The Ghost Dance as a religious practice did not emphasize military struggle or armed combat. On October 31, Short Bull gave a sermon to his followers, referring mostly to the coming of the Messiah and mentioning combat only once, when he said,

“You must not be afraid of anything. The guns are the only things we are afraid of, but they belong to our Father in Heaven. He will see they do no harm. Whatever white men tell you, do not listen to them. My relations, this is all” (Sitting Bull 65).

Anxieties over Native Americans not listening to those attempting to defeat, control, indoctrinate, and relocate them culminated in the military’s arrival in November at Pine Ridge, to keep the peace. Following Royer’s suggestions, the military became a remedy to stop the Ghost Dancers from breaking down what the U.S. government had built up. Cavalry divisions arrived at Pine Ridge, forcing surrender and disarmament. On December 29, in the process of disarming a few Ghost Dancers, a rifle went off, and soldiers panicked after being informed that an armed insurrection would take place. Fueled by fear and rumors, soldiers fired at the Ghost Dancers, and a massacre ensued. There were casualties on all sides as some Ghost Dancers attempted to defend themselves. Estimates vary, but up to 300 Lakota were killed, most of them unarmed, many of them children.

The logic leading up to the massacre might be difficult to track, but was built on a number of assumptions. First, that Native Americans practicing a large, organized demonstration was the equivalent of cultural and military dissent, or in other words, a problem. Second, that the only way to “solve” the problem was through the use of military force. Third, that expressing dissatisfaction with an understandably bad situation was unacceptable.

One of the defining features of the 21st century is the blurring of police and military forces. In a post-9/11 surveillance state in which citizens and combatants are considered difficult to distinguish from one another, the police and military begin to serve similar functions. While this fact has become more obvious in recent years, and while there have been many instances in the U.S. in which the state treated its citizens as combatants, this has always been the case for Native Americans. Since the founding of the United States, Native Americans have always been designated a threat to westward expansion simply by their presence, their visibility, their voice. Historically, soldiers keeping peace and soldiers engaged in combat have served the same purpose for the U.S. when engaging its indigenous population.
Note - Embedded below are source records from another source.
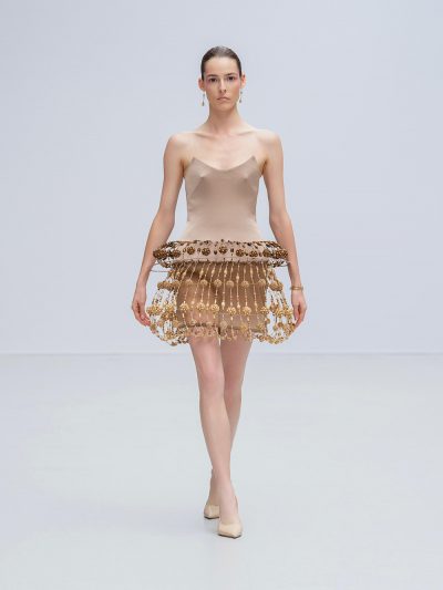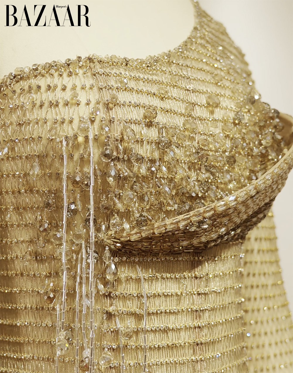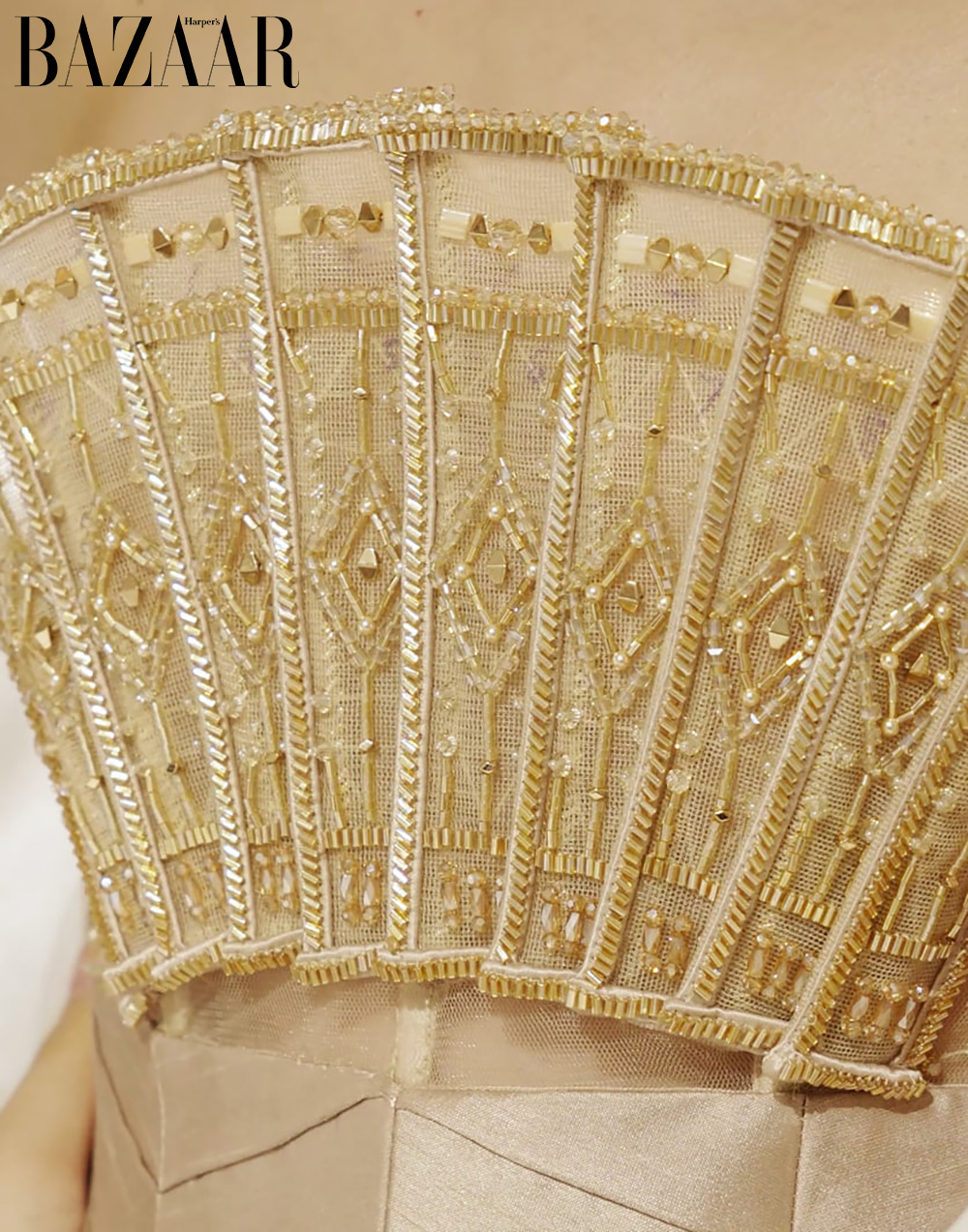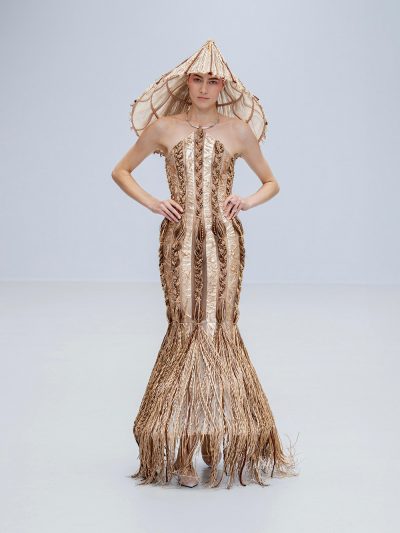 Quạt giấy được điểm xuyết nơi ngực, eo, hông như làn gió tuổi thơ thoảng qua trưa hè yên ả. Nón lá hiện lên mềm mại qua kỹ thuật thắt dây đính pha lê, phản chiếu vẻ đẹp dịu dàng của người phụ nữ Việt. Những chuyển động lao động được mô phỏng bằng hình ảnh lưới và thuyền cá, gợi nhịp sống miền sông nước.
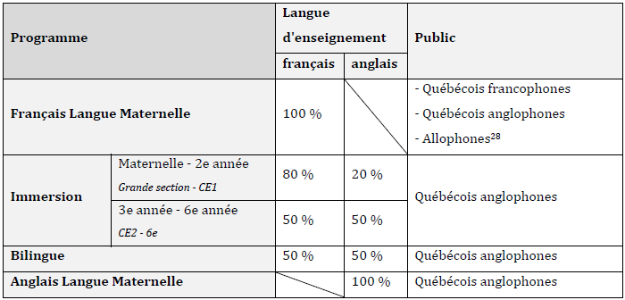 Ci-après un tableau représentant l’ensemble des 4 programmes du MELS avec la ou les langues d’enseignement et le public concerné, c’est-à-dire celui qui a le droit de suivre ce programme. En italique est indiqué le niveau correspondant dans le système scolaire français.
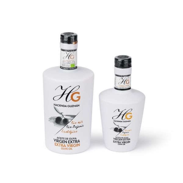Extra Virgin Olive Oil "Organic Blend", White Bottle - 8.8 fl oz or 17 fl oz, by Hacienda Guzman, Spain.
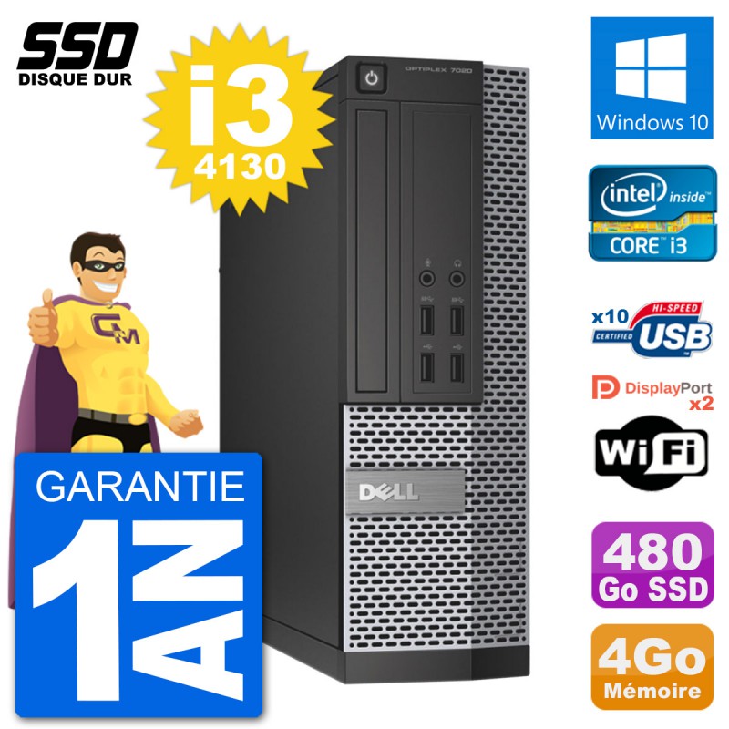 PC Dell OptiPlex 7020 SFF Intel i3-4130 RAM 4Go SSD 480Go Windows 10 Wifi
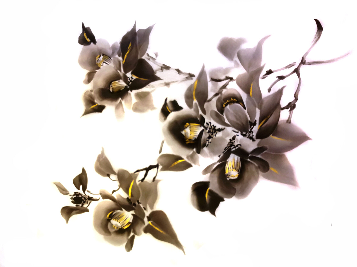 4. Создаем сложную композицию из сочетания монохромных цветов. Основы композиции в суми-э.
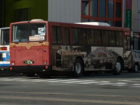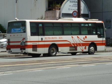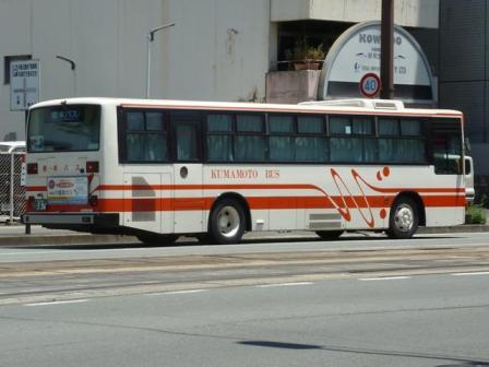 「熊本で見たバス2013」と題したバス画像のよせ集め。 今回の熊本バス編その7では、記録出来た熊本200か550~590番台の一般乗合車画像を 並べていきます。 熊本200か565. 熊本200か559. 最初から上下で車両が異なり失礼します。京浜急行バスグループからの三菱ふそうMPワンステップ移籍車。塗装は熊本200か496に突如採用された阪東風デザインで登場しています。 熊本200か574. 阪東自動車から日野HT移籍車をリピート導入し、富士7Eボディの日野車が熊本バスに初登場となりました。画像の車両は熊本バス90周年で登場した記念ラッピング車の2代目となり、年数部分を毎年貼り変えています。 熊本200か575. 阪東自動車からの移籍車ですが、阪東風塗装は採用せず一般塗装で登場。 なお、富士7Eボディの阪東自動車からの移籍車は大型の後部行先表示を撤去しています。 車内は阪東自動車時代と変わらず、後部は三方シート仕様となっています。 熊本200か578. おなじみの京浜急行バスグループからの移籍車で富士ボディのいすゞLVワンステップ車が 登場。 熊本200か582. 阪急バスから三菱ふそうMKをリピート導入。今回は短尺車でないので、当時の阪急バスで 標準的な前後扉仕様となっています。「熊本で見たバス2012」シリーズで並べていなかった 車両をようやく記録することが出来ました。 熊本200か592. 京王電鉄バスグループからのJPワンステップ移籍車。U規制車のJPで、熊本バス初のスロープ付き移籍車です。 熊本200か596. 京浜急行バスグループからの日野HTワンステップ移籍車。この車両は2012年9月まで 「くまもと美里町の石橋めぐり」のラッピング広告車となっていました。 熊本200か597. 同じく京浜急行バスからの日野HTワンステップ移籍車。この車両は前面行先表示横に運賃 支払方法など京浜急行バス時代の表示をそのまま残しています。 PR

I’m not a proponent of the notion that history repeats itself; I find it too simple. However, the events surrounding the Standing Rock protest are eerily similar to those that led up to the Wounded Knee Massacre: Native American Indians express discontent over treaty violations, land abuse, and environmental disasters, and as a reaction, a militarized police force steps in. Tensions have already resulted in violence against protestors and the arrest of journalists for covering the events. Contexts may be different, but the logical framework the U.S. uses to understand and address the protest remains almost identical to how the U.S. addressed and understood the Ghost Dance. Whether or not there will be another massacre remains to be seen.

Coleman, William S. E. Voices of Wounded Knee. University of Nebraska Press (2000).

Wounded Knee Massacre,” Encyclopedia of the Great Plains, 2011. Accessed October 30, 2016.